Dolores Gutiérrez, 1940-2027, la sirvienta que abrió un armario sellado y dejó de dormir desde entonces. Ahora, finalmente descansa. El día de su entierro, algo extraño ocurrió en el hotel La Bufa. Todos los espejos del edificio se rompieron simultáneamente sin causa aparente. Y en la habitación sellada del tercer piso, cuya existencia casi todos habían olvidado, se escuchó claramente una melodía, como si alguien tocara un violín con indescriptible belleza.

 Cuando los más valientes se atrevieron a abrir la habitación, no encontraron a nadie, solo un aroma a rosas frescas y sobre el polvoriento suelo tres pétalos rojos dispuestos en forma de triángulo. Esa noche la última persona que vio a Dolores con vida, una enfermera del asilo donde pasó sus últimos días, tuvo un sueño vivido. Dolores, joven nuevamente caminaba por un largo pasillo iluminado por una luz dorada.

 Al final del pasillo, dos jóvenes la esperaban con los brazos abiertos y detrás de ellos decenas de otras figuras, todas sonrientes, todas en paz, gracias a la mujer que no dormía para que otros pudieran descansar.
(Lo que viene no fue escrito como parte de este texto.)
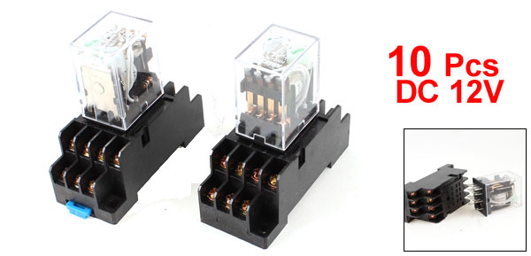 10Pcs DC 12V Coil 4PDT 14Pin Green LED General Purpose Power Relay w Socket Base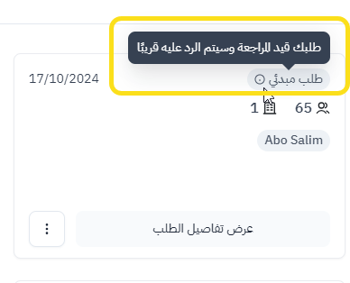 بعد تقديم الطلب، سيظهر تحت الطلبات النشطة بحالة 'طلب مبدئي' والذي يكون جاهز للمراجعة من قبل الوسيط.

La enfermera despertó con lágrimas en los ojos, pero también con una sonrisa en los labios, porque en ese sueño había visto algo que le dio consuelo, que a veces las peores pesadillas pueden conducir a los más bellos despertar.

Así concluyó la historia de Dolores Gutiérrez, la sirvienta que abrió un armario sellado y dejó de dormir desde entonces. Una historia que sigue viva en los susurros de la antigua Zacatecas, en las leyendas que las abuelas cuentan a sus nietos, en los relatos que los guías turísticos comparten con los visitantes que se hospedan en el hotel La bufa.

 Una historia que nos recuerda que algunos secretos están sellados por buenas razones, pero también que a veces es necesario enfrentar la oscuridad para que la luz pueda finalmente brillar. Y en las noches tranquilas, cuando el viento de febrero silva entre los callejones empedrados de Zacatecas, algunos juran escuchar tres voces que cantan en perfecta armonía.

 La grave y profunda de Javier, la melodiosa y dulce de Miguel y la serena y firme de dolores. Tres almas que encontraron después de mucho sufrimiento la paz que tanto anhelaban. Tres espíritus que nos recuerdan que no hay candado tan fuerte ni sello tan perfecto que pueda contener para siempre los secretos del corazón humano. No.